Each line of the records below that holds "with" should be copied out.

Material supplied.

------

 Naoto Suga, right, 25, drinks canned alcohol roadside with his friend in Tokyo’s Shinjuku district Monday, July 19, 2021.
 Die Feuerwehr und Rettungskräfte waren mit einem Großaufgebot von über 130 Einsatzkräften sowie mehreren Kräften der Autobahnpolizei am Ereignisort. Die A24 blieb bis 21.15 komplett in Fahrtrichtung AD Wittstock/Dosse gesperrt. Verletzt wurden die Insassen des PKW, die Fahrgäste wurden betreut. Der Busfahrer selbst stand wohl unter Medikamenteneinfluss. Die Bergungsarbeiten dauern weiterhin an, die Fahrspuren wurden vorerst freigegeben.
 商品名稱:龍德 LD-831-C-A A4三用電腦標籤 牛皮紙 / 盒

------

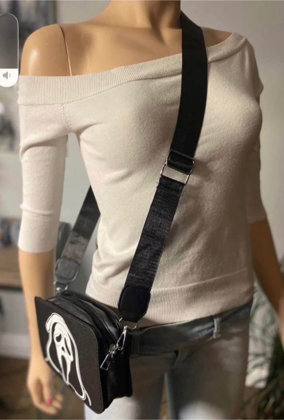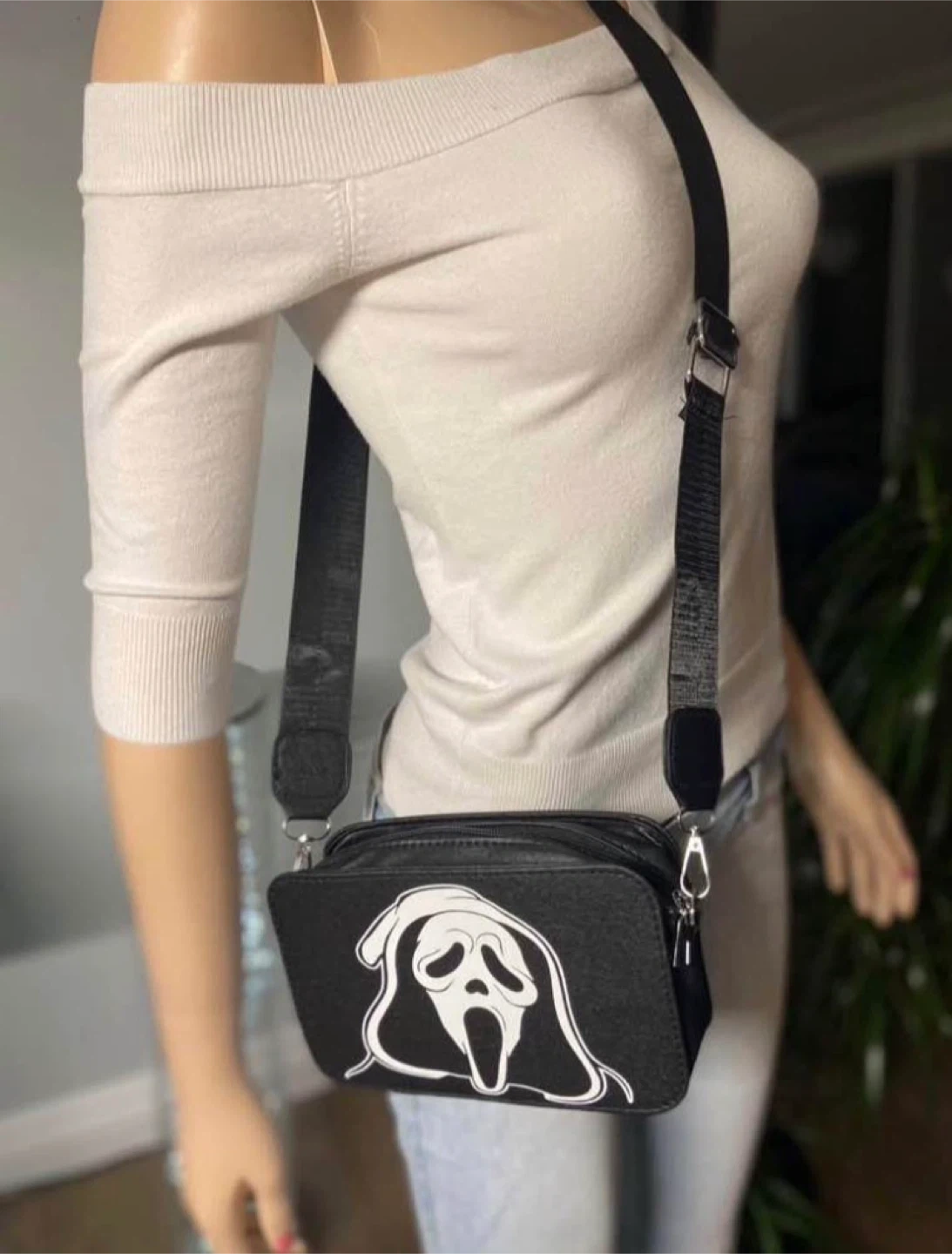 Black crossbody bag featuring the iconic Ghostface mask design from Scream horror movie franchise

------

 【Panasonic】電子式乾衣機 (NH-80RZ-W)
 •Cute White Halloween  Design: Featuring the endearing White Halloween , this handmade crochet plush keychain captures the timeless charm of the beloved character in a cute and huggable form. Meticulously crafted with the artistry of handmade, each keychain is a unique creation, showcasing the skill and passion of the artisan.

------

Task output.
 Naoto Suga, right, 25, drinks canned alcohol roadside with his friend in Tokyo’s Shinjuku district Monday, July 19, 2021.
 •Cute White Halloween  Design: Featuring the endearing White Halloween , this handmade crochet plush keychain captures the timeless charm of the beloved character in a cute and huggable form. Meticulously crafted with the artistry of handmade, each keychain is a unique creation, showcasing the skill and passion of the artisan.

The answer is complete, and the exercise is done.